Your task: When you copy the data, keep every line exactly as written and skip the pictures.

Source material:
===============

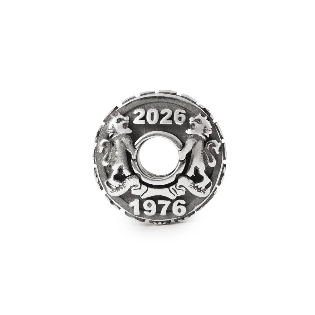 Trollbeads silver pendant, Jubilee Coin. The years 1976 and 2026 are engraved on the bead to commemorate five decades of creativity, community, and craftsmanship.
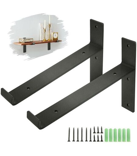 DRILLPRO Lot de 2 Console Support Étagère mural l.220 mm 35mm Épaisseur Noir Jmax
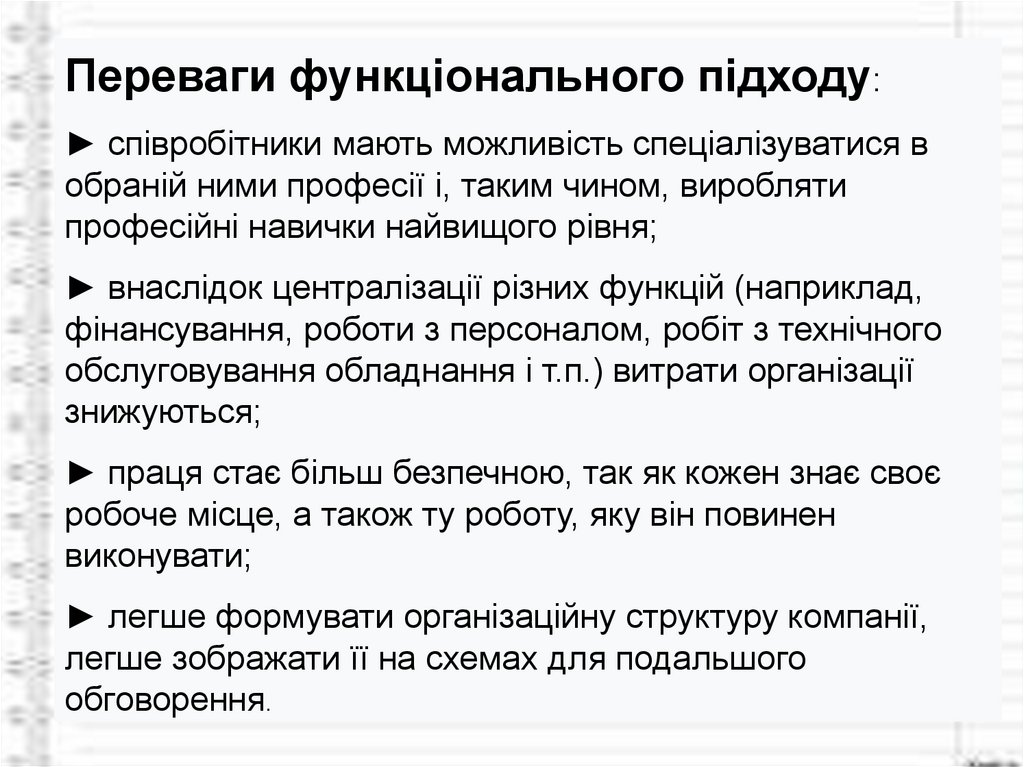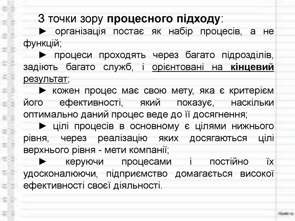 З точки зору процесного підходу:► організація постає як набір процесів, а не

===============

Written reply:
 Trollbeads silver pendant, Jubilee Coin. The years 1976 and 2026 are engraved on the bead to commemorate five decades of creativity, community, and craftsmanship.
 DRILLPRO Lot de 2 Console Support Étagère mural l.220 mm 35mm Épaisseur Noir Jmax
 З точки зору процесного підходу:► організація постає як набір процесів, а не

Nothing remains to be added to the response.